HCBT possesses a strong antioxidant property thanks to the hydrogenated portion of its compound. Research shows that the higher the number of OH and COOH groups in a cannabinoid, the more likely its antioxidant activity. This is why acidic cannabinoids possess a more potent antioxidant property than their neutral forms.
Note that free radicals play a critical role in cancer development. They disrupt internal balance and create an enabling environment for cancer cells to thrive. The continuous accumulation of free radicals can lead to oxidative stress that damages cells. This activity is, however, controlled by two master regulators known as Nrf2 (nuclear erythroid2-related factor) and BACH1 (BTB domain and CNC homologue 1).

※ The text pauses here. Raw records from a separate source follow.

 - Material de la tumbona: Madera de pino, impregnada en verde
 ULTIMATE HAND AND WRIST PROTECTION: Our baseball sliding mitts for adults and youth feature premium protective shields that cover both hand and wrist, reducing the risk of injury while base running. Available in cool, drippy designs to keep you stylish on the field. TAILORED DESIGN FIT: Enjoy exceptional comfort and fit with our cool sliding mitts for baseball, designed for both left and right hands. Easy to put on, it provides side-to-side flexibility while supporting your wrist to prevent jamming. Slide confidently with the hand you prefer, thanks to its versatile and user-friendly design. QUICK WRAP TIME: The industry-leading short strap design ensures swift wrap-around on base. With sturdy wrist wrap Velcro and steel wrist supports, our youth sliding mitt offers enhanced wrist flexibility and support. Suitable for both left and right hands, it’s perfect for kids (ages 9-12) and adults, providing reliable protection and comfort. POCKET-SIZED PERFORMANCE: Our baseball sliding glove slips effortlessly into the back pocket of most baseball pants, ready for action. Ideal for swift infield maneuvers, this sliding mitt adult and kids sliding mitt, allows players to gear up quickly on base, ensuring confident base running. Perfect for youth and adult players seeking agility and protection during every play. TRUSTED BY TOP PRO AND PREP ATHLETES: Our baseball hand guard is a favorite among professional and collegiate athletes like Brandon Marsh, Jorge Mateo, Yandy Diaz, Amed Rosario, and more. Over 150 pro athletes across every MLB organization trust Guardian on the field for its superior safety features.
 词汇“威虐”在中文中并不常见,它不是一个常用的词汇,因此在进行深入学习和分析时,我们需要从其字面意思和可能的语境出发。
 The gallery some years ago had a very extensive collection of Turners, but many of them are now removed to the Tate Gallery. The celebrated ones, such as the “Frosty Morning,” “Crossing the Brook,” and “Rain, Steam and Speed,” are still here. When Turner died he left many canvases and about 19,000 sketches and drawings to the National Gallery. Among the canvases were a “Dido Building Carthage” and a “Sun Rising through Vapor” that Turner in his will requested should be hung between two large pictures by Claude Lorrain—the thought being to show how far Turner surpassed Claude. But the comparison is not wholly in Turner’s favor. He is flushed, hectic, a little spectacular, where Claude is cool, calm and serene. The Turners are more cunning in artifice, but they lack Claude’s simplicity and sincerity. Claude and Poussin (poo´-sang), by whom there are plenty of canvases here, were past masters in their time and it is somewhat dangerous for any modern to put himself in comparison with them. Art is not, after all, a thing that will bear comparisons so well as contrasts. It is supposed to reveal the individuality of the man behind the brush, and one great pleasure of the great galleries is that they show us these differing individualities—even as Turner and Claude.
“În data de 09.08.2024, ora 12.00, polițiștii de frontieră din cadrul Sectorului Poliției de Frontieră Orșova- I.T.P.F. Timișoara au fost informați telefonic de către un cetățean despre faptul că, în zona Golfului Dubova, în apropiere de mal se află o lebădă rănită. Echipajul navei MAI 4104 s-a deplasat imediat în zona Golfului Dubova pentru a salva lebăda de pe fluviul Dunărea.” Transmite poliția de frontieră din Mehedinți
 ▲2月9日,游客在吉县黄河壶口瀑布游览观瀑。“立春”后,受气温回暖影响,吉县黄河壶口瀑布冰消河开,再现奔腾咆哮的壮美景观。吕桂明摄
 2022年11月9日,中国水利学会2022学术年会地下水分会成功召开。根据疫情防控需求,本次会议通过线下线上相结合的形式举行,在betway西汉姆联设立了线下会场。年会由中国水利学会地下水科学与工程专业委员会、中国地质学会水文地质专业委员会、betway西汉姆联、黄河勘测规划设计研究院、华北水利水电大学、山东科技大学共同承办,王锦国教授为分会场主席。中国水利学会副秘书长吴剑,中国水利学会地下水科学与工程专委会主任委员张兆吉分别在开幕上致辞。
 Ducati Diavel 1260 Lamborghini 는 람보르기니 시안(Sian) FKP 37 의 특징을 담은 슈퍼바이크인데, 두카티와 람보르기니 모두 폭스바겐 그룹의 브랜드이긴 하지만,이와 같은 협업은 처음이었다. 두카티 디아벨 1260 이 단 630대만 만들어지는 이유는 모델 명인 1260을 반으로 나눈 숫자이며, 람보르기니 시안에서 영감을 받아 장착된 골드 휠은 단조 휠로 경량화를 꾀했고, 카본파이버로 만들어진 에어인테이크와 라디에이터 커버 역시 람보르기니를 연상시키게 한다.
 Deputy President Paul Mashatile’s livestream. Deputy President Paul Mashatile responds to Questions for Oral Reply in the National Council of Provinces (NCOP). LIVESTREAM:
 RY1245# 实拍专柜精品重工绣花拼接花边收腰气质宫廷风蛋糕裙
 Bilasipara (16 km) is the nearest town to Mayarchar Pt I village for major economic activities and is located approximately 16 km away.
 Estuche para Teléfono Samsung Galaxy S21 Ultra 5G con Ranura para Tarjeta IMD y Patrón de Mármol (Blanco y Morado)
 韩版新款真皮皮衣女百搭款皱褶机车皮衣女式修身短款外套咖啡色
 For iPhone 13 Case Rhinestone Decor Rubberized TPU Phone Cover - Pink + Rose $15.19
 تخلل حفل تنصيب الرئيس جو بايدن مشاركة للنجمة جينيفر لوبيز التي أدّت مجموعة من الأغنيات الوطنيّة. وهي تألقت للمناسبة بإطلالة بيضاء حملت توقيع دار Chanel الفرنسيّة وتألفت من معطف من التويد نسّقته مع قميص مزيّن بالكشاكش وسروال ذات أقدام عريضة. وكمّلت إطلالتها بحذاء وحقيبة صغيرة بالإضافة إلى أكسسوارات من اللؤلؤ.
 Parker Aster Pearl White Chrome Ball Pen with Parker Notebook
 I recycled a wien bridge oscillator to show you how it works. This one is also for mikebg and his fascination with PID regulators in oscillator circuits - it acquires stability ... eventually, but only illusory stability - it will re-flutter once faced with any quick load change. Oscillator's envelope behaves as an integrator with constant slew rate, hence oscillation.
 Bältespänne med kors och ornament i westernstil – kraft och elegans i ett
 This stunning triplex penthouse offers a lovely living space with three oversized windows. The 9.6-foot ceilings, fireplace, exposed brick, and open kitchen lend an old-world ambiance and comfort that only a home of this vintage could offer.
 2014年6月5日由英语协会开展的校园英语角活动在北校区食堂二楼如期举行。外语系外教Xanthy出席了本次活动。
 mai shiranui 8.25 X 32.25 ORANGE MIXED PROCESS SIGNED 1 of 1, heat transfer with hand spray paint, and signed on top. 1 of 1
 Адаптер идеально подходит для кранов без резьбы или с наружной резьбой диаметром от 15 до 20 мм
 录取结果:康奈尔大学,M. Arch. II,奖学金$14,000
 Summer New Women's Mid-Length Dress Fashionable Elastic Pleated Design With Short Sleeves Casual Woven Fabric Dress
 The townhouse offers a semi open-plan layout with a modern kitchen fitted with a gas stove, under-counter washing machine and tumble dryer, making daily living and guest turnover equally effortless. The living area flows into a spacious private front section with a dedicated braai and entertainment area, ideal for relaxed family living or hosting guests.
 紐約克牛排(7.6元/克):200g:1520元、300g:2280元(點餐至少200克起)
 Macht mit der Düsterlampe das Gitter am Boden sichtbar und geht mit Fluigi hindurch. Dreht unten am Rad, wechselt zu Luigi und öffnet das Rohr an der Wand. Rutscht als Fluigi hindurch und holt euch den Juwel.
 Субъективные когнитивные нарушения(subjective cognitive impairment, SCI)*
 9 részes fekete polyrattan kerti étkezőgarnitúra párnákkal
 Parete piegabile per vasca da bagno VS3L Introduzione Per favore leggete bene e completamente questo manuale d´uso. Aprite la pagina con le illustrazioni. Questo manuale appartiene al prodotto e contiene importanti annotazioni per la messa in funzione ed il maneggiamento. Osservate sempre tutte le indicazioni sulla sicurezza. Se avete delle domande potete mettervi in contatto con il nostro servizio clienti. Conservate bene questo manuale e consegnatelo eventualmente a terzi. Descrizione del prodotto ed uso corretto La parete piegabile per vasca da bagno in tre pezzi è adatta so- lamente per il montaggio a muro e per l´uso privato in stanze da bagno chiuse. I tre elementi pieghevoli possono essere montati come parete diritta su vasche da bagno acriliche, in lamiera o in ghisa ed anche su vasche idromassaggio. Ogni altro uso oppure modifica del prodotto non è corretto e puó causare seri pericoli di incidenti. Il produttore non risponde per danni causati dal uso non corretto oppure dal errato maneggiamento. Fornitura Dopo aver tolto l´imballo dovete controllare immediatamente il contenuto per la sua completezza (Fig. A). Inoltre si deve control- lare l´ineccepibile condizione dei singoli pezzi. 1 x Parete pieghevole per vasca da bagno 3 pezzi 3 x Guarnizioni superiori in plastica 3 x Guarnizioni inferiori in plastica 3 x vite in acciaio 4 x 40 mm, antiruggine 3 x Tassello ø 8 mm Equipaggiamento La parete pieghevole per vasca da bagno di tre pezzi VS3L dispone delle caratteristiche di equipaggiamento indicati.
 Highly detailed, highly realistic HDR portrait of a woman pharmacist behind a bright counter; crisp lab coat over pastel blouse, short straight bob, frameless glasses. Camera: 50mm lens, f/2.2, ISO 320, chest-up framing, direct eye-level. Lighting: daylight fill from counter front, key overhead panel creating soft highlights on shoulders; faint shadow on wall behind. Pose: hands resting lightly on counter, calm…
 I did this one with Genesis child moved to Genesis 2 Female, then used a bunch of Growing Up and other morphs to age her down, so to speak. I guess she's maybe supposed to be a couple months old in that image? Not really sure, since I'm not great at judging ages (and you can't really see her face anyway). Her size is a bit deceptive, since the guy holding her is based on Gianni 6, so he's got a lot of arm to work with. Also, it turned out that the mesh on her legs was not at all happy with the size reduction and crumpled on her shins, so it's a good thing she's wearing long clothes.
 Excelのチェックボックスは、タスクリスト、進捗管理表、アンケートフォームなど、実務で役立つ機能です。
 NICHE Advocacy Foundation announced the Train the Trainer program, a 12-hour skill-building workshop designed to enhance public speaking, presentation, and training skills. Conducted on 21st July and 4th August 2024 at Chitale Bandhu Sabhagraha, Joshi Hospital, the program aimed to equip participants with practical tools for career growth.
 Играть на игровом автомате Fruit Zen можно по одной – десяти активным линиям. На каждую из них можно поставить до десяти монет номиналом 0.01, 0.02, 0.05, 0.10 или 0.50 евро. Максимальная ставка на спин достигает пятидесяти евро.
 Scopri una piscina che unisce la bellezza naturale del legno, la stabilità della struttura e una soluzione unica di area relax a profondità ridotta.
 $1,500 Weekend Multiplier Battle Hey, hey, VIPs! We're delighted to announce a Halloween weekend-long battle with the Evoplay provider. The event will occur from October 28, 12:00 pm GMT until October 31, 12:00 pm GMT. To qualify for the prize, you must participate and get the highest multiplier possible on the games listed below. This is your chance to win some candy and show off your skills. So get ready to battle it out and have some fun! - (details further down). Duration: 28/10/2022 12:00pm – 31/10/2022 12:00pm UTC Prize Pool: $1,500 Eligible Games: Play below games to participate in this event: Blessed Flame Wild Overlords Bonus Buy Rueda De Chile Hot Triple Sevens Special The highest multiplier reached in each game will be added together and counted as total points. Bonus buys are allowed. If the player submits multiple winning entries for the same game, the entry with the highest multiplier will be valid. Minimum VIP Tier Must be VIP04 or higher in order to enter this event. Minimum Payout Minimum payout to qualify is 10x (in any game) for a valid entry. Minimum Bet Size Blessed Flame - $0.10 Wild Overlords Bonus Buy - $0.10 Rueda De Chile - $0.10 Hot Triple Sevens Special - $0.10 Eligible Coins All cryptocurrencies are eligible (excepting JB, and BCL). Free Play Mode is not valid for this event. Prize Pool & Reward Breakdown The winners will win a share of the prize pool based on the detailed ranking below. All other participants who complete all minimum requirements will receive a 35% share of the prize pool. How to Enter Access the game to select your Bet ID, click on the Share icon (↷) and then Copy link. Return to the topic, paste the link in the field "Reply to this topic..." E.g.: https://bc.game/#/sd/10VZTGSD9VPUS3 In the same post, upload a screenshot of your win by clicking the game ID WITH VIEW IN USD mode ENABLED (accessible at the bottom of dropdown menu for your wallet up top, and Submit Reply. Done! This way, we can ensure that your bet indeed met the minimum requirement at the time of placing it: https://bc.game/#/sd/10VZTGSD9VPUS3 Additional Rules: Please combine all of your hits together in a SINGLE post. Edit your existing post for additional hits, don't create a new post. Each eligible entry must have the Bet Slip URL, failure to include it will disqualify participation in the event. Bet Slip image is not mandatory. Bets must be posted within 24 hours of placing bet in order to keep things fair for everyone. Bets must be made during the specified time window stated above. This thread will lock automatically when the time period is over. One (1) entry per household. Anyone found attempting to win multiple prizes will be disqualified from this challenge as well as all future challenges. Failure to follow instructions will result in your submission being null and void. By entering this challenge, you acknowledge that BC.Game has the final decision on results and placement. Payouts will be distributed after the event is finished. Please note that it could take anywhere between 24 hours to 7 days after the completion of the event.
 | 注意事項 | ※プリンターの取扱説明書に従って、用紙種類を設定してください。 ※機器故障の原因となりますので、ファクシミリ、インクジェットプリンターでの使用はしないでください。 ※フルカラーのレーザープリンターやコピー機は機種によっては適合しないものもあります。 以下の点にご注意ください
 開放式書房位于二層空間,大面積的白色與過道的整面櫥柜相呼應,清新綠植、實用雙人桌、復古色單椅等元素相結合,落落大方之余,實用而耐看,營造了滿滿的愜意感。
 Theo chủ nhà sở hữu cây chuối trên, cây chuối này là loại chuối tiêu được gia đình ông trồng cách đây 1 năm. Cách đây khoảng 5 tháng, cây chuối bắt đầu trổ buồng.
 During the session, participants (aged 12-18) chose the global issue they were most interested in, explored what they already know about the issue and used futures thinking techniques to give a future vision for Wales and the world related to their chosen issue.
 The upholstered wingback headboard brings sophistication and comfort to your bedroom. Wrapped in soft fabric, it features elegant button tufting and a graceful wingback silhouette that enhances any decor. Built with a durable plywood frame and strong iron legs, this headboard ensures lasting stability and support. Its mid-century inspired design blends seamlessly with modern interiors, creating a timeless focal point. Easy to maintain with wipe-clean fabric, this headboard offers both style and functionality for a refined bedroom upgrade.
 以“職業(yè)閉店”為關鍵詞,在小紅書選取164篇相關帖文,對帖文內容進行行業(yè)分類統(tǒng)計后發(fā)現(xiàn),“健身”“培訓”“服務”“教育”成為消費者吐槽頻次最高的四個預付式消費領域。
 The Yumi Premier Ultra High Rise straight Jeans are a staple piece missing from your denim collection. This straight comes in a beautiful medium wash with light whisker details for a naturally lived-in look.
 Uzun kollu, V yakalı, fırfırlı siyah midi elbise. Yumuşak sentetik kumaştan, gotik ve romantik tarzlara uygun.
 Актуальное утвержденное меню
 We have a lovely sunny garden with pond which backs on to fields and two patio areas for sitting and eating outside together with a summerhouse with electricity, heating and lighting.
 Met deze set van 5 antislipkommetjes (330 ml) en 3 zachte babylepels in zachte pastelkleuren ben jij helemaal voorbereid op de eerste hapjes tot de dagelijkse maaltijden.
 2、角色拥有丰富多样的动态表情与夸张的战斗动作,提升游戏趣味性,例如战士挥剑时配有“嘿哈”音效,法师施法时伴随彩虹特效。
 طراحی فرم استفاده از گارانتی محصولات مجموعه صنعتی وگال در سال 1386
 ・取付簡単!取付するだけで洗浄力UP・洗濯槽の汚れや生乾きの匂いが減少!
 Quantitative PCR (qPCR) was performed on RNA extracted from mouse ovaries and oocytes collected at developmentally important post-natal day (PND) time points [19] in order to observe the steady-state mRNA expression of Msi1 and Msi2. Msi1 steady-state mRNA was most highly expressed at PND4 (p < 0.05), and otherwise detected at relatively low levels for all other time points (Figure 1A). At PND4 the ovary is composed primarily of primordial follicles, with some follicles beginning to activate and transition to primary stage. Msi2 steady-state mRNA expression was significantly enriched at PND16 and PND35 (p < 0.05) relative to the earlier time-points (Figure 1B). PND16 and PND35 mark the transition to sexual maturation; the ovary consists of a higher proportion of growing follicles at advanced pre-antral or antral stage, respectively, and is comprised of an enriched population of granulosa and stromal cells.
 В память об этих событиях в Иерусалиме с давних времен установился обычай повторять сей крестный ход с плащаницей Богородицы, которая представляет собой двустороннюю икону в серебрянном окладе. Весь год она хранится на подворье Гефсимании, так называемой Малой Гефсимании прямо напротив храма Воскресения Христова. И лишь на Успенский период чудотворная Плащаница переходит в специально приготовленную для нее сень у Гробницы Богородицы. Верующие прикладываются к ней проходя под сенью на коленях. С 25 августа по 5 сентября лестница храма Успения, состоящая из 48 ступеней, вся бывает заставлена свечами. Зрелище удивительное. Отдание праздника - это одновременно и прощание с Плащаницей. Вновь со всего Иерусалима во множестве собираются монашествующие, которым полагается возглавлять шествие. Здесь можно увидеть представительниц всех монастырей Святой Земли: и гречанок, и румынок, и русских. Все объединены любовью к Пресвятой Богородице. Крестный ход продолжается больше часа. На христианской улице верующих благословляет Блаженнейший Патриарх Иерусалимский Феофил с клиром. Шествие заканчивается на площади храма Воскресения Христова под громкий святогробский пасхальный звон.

Nrf2 is a major regulator of homeostasis (internal balance) in cells. It is activated during oxidative stress and inflammation and plays a critical role in how we respond to different forms of stress. In normal conditions, the protein-based Nrf2 degradation is low. As cells get exposed to oxidative stress, they impair the degradation of Nrf2 and cause it to stabilize. Boosting Nrf2 levels with chemopreventive agents helps to protect the cells against oxidative stress and damage. This is important in triggering cytoprotection (cellular protection) against several chronic conditions linked to inflammation and pro-oxidant components.
The current research has discovered the possible role of hexacannabitriol in activating Nrf2 components. The Nrf2 components are activated by the 2-hydroxy-delta1,7 hexomethylene present in hexacannabitriol.
Chemopreventive agents can enhance the expression of Nrf2 target genes and induce cytoprotective enzymes. This can play an important role in reducing environmental stressors contributing to the burden of inflammation, cancer, and other degenerative diseases.
Is Hexacannabitriol safe?
Hexacannabitriol was extracted from hemp and formed from CBD's air oxidation, thus making it legal under the 2018 farm bill. As a hemp-derived cannabinoid that shares some similarities with CBD, it is non-intoxicating and only present in trace concentrations in the plant. For now, there are no products containing HCBT, and it may not be reported in a certificate of analysis. Most information regarding its anticancer and chemopreventive effects was strictly from a laboratory report.
Since it is present in trace quantities in hemp, people who want to try HCBT will have to settle for the synthetic compound. This is, however, risky as some synthetic cannabinoids may not be safe for human use.